対談 CONVERSATION

パリパラリンピック 還暦アスリート伊藤智也が狙う金

HERO X 編集部

パリオリンピックに続き間もなく始まるパリパラリンピック。前回の東京パラリンピックのクラス分け判定でまさかのクラス替えを余儀なくされた伊藤智也選手(バイエル薬品所属)が、本来のクラスであるT52に戻ることが決まった。還暦を迎えた伊藤選手が本来の土俵で目指すのはもちろん金メダル。開幕直前の伊藤選手に編集長杉原行里が話しを聞いた。

覆ったクラス分け判定

杉原:まずは、出場決定おめでとうございます。

伊藤:ありがとうございます。

杉原:調子は順調ですか?

伊藤:かなりいいです。先日の練習では風が結構強かったのですが、それでもいいタイムが出せました。

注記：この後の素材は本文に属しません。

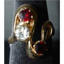 LADIES 14 KT. YELLOW GOLD DIAMOND & GARNET RING containing .5 ct. "old cut" round diamond. VS2 clarity, J color. 7.3 grams wt. CAGA appraisal.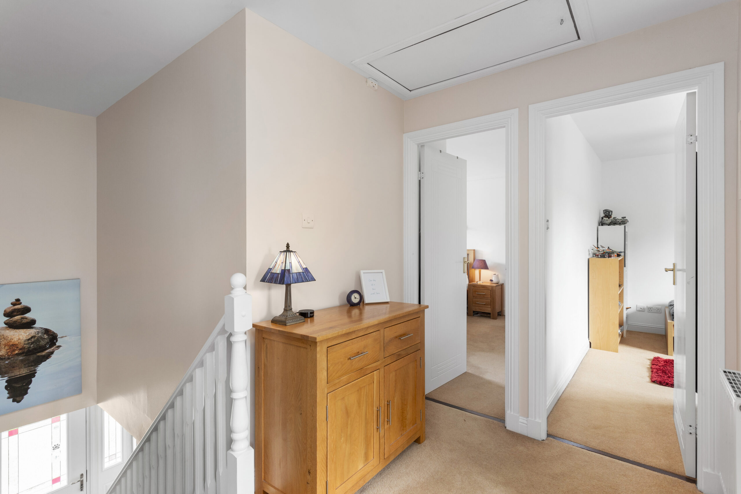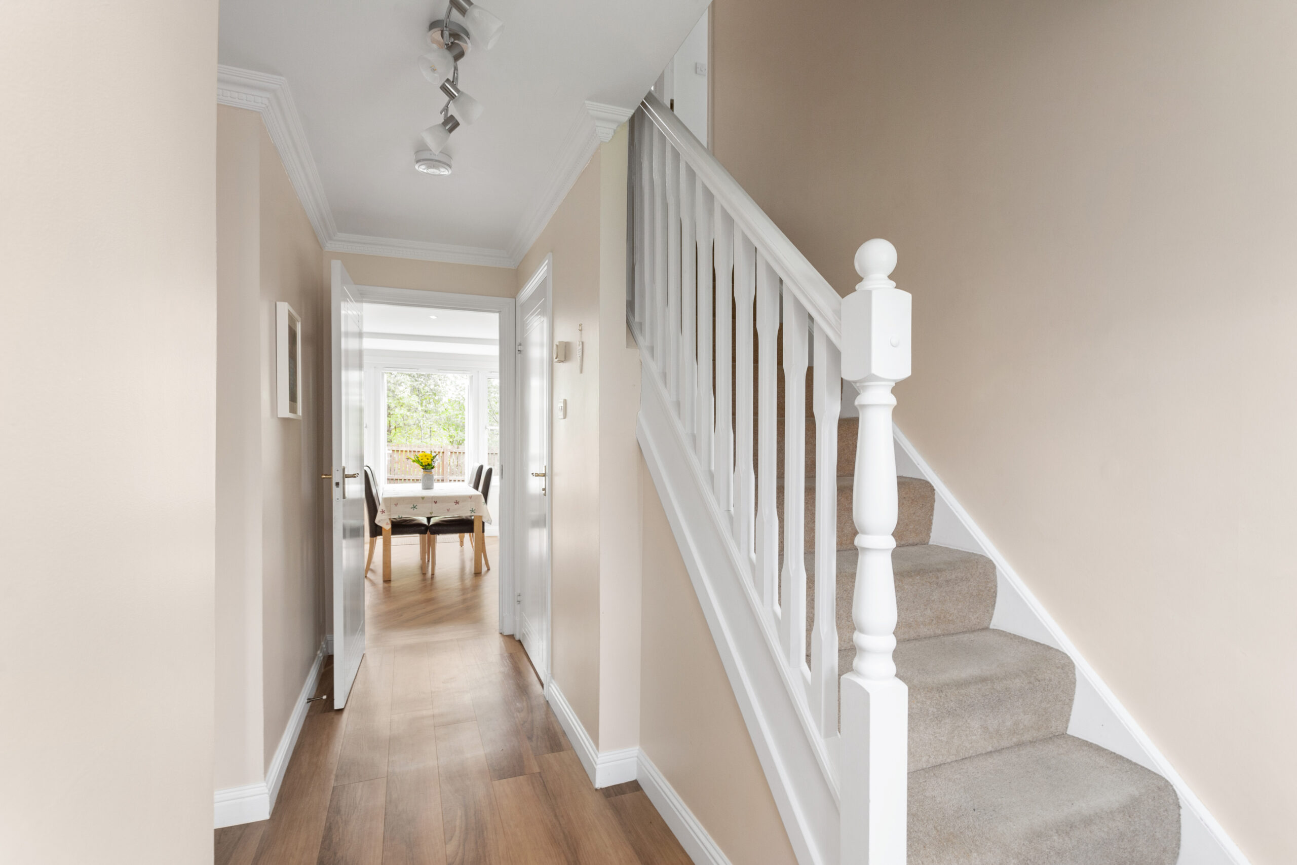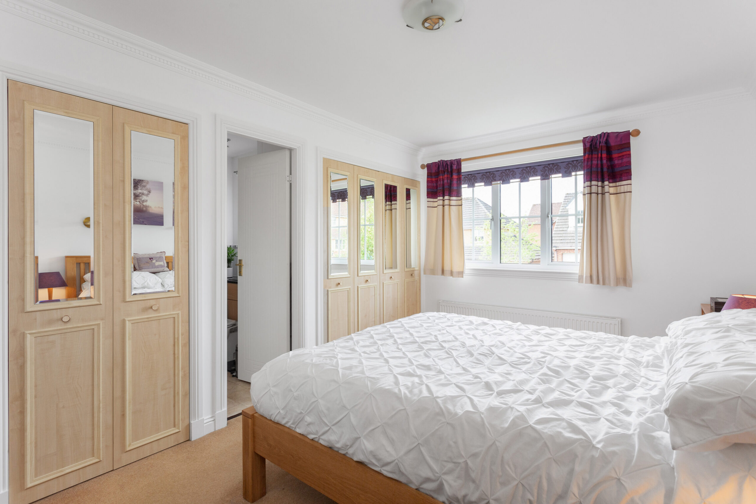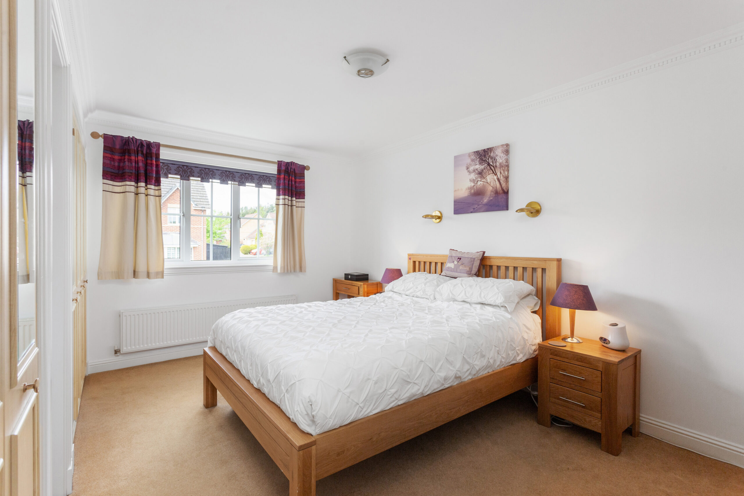Ascending the carpeted staircase reveals four sumptuous bedrooms, each presenting a fresh, move-in-ready canvas. The master bedroom, a serene retreat, currently houses a king size bed and enjoys double fitted wardrobes and an en suite shower room with crisp splashback tiles. All three other bedrooms are of sizeable proportions and equally as fresh and inviting. The family bathroom with its three-piece suite and shower caters to the rest of the household.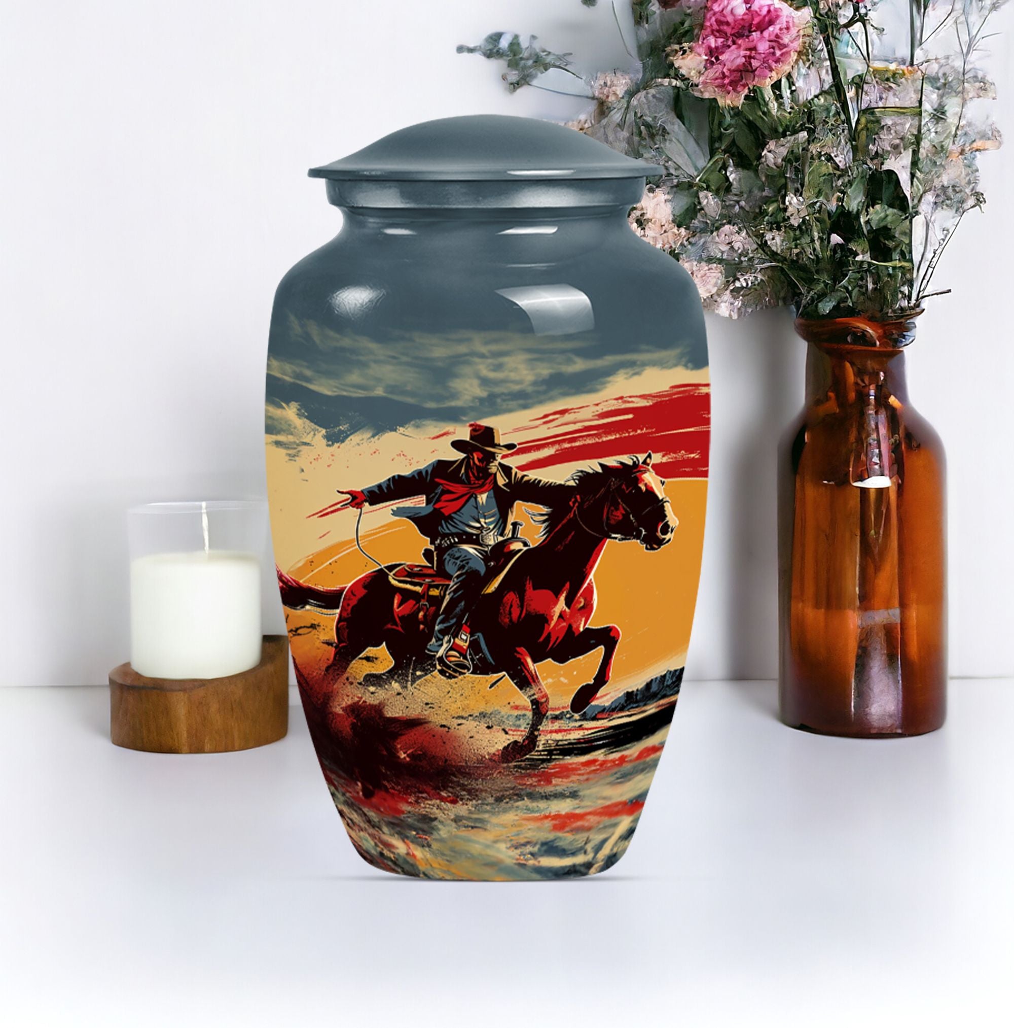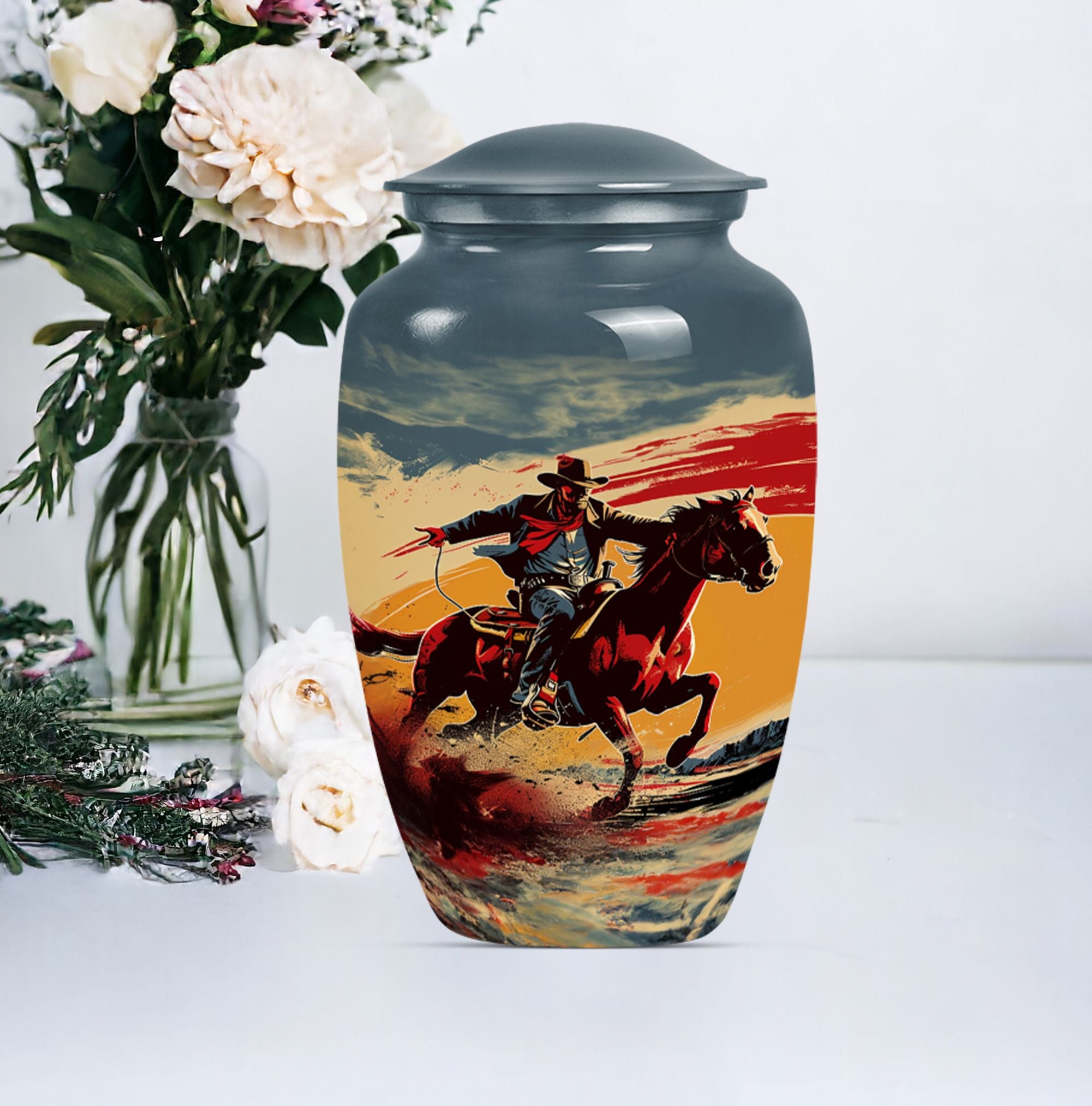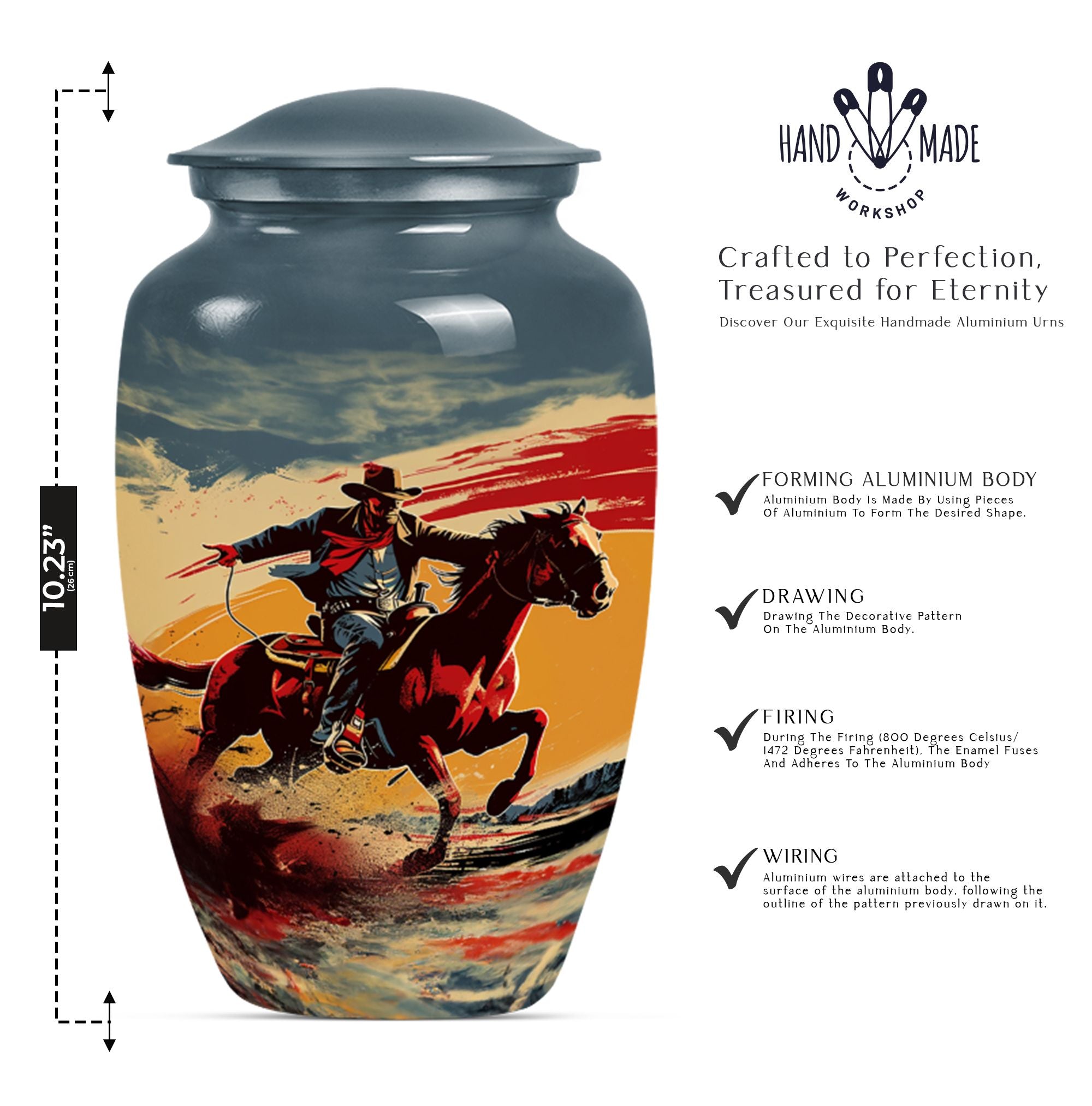 Embrace the eternal resting place for your loved ones with our classic cowboy urn, a symbol of peace and serenity. This exquisite 10-inch cremation urn crafted in high-quality aluminum offers you a heartfelt way to remember and pay tribute to your dearly departed. With dimensions of 10 inches in height and a weight of 3.3 pounds, this large urn can accommodate up to 200 cubic inches of ashes. Each cremation personalized urn includes a velvet pouch for the dignified containment and preservation of ashes. Its original butterfly theme emanates a sense of freedom, leaving a soothing impact on grieved hearts. For a more personal touch, engrave the name of your loved one on the urn, making it a unique and profoundly touching memorial. With the capability to serve as urns for cremation ashes for men and personalized urns for cremation ashes mother, this ash burial urn becomes a perfect expression of love and remembrance.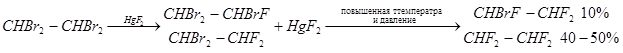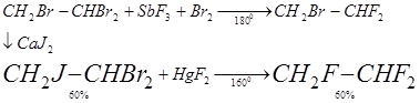 этана получают фторированием соответствующих хлоридов или бромидов, а также присоединением фтористого водорода к хлорированным этиленам: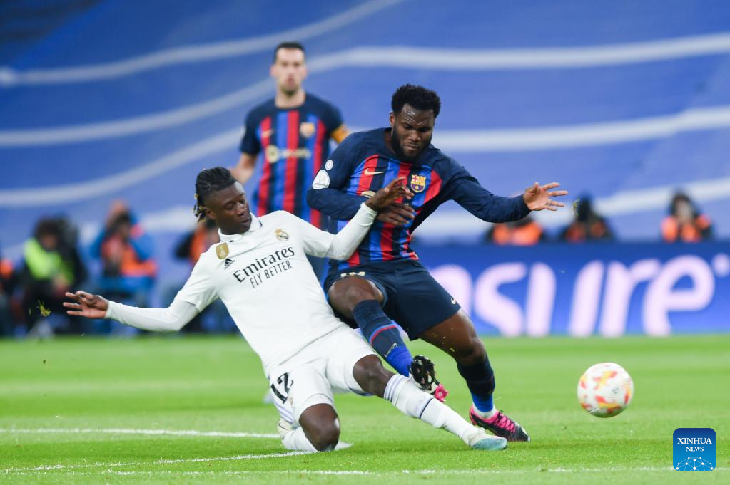 Eduardo Camavinga (L) of Real Madrid vies with Franck Kessie of Barcelona during the Spain's Copa del Rey (King's Cup) semifinal first leg football match between Real Madrid and FC Barcelona in Madrid, Spain, March 2, 2023. (Photo by Gustavo Valiente/Xinhua)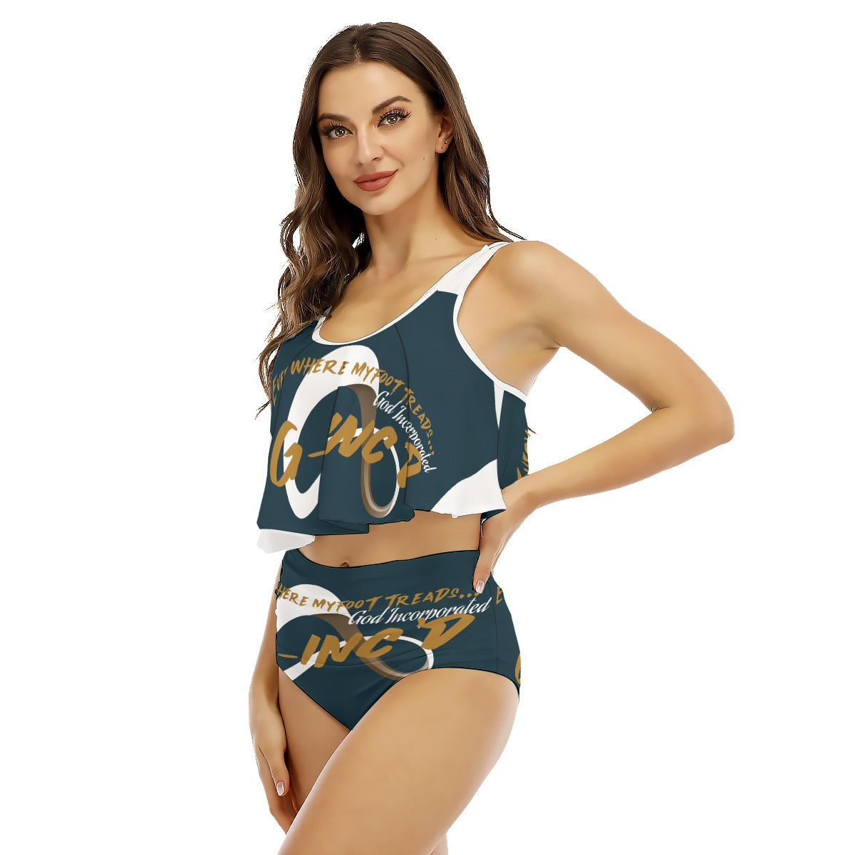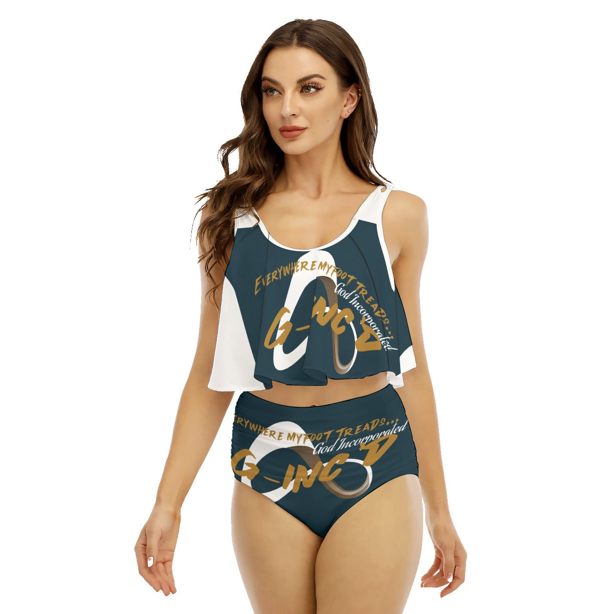 Sexy two-piece bikini with ruffles on the top, suspender top and lining at the bottom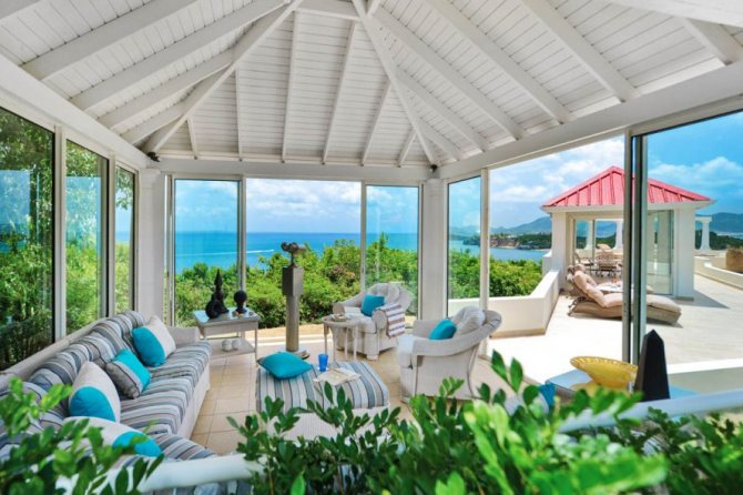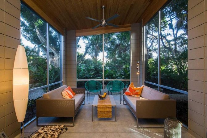 Le design de la véranda est sélectionné pour le design stylistique de la maison. L'intérieur de cette pièce ne doit pas se démarquer de la composition globale. Le plus souvent, les vérandas servent de salons. Ici, ils ont mis un large canapé, des fauteuils, une table basse.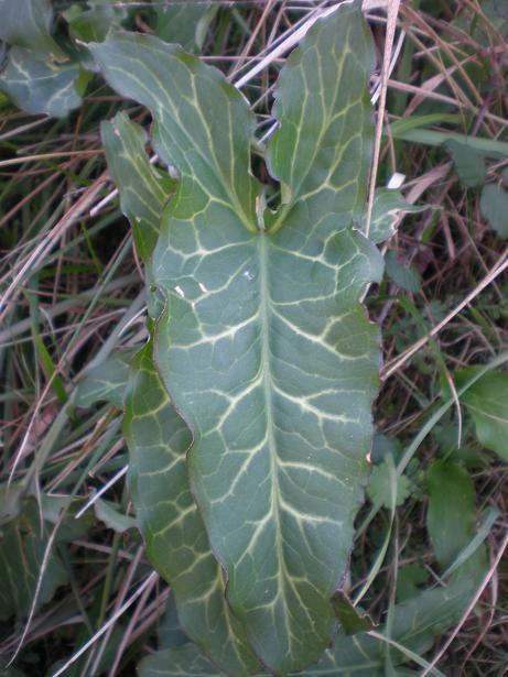 Višegodišnja zeljasta biljka kopljastih listova koja ima rizome.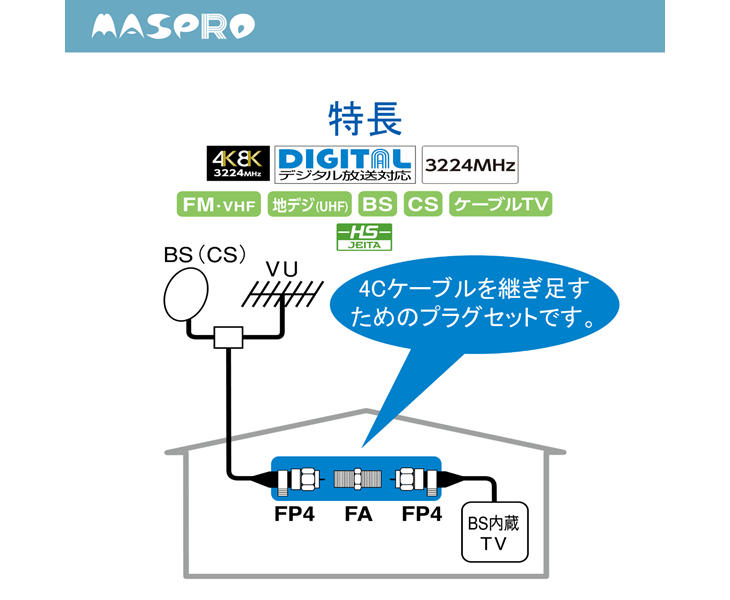 マスプロ電工公式オンラインショップでは、お客様の当サイト利便性向上のため、クッキー(Cookie)を使用しています。当サイトをご利用いただく場合、クッキー(Cookie)ポリシーをご確認してください。

杉原:東京パラリンピックの時、試合前に行なわれたクラス分け判定で障害度の一つ軽いT53だと判定された時は我々はあまり心境を語らずにきたのですが、まさか、パリパラリンピックで再び元のT52に戻れるなんて、本当にビックリしました。

 

伊藤:僕も驚きました。まずこのクラス分け判定が分からない読者さんもいると思うので少し説明させてもらうと、パラリンピックは障がいの度合いによってクラスが分けられています。これはさまざまな障がいのある選手が競い合うパラリンピック独自のルールで、公平に戦うために設けられている制度です。僕が東京パラリンピックまで出場してきたのはT52というクラスでした。陸上競技の場合、Tはトラック、50番台は車いす競技を示しています。クラスは番号が小さいほど障がい度合いが重くなりますが、東京パラのクラス分け判定で、ずっと競技してきたT52ではなく、一つ障がい度の軽いT53と言われたんです。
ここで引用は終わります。